Laut der Studie erhöht sich demnach das Armutsrisiko von Familien mit jedem weiteren Kind. 2015 war rund jedes achte Paar (13 Prozent) mit einem Kind armutsgefährdet, heißt es in der Erhebung. Bei zwei Kindern sei es jedes sechste Paar (16 Prozent) gewesen, bei drei Kindern fast jedes fünfte (18 Prozent).

Als arm gelten Haushalte, deren Einkommen weniger als 60 Prozent des mittleren Einkommens aller Haushalte beträgt. Kinder belasten finanziell ärmere Familien verhältnismäßig stärker. Je mehr Kinder in einem Haushalt leben, desto höher sind dann auch die Belastungen im Alltag, die für die Studie dann mit den anderen Haushaltsersparnissen verglichen wurden.

Die Studie basiert unter anderem auf Zahlen des Statistischen Bundesamts. Der Ruf nach einer neuen Methodik ist nicht unumstritten: „Die Diskussion um die Methodik wird seit den neunziger Jahren geführt“, sagt der OECD-Experte für Sozialpolitik Michael Förster gegenüber der Deutschen Presseagentur. Wieder methodische Diskussionen zu führen, wäre ein Rückschritt. Es brauche die OECD-Skala, um Ländervergleiche zu ermöglichen. Der Trend der Bertelsmann-Studie sei aber sicherlich richtig, „wir kommen im Detail nur zu anderen Ergebnissen“.

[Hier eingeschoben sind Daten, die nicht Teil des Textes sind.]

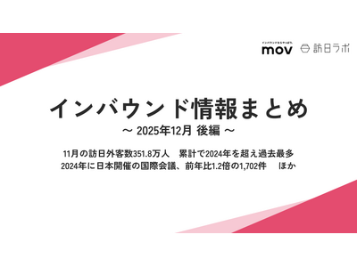 業界最大級のインバウンドビジネスメディア「訪日ラボ」及び 店舗向け集客一元化プラットフォーム「口コミコム」を運営する株式会社mov(代表取締役:渡邊 誠、本社:東京都渋谷区、以下mov)は、「インバウンドに関する最新トレンド・データ」「政府・自治体・企業などのインバウンド関連の取り組み」をはじめ、インバウンド対策に役立つニュースをまとめた「インバウンド情報まとめ【2025年12月後編】」を公開しました。

In den Reihen der Großen Koalition sorgte die Studie für die üblichen Reaktionen. „Kinderarmut ist eines der drängendsten Probleme in unserem Land.“ In den Koalitionsgesprächen habe man bereits ein milliardenschweres Paket zur Bekämpfung von Kinderarmut durchsetzen können“, erklärte Bundesfamilienministerin Katarina Barley (SPD) und verwies auf den Anstieg des Kindergelds von 25 Euro pro Monat.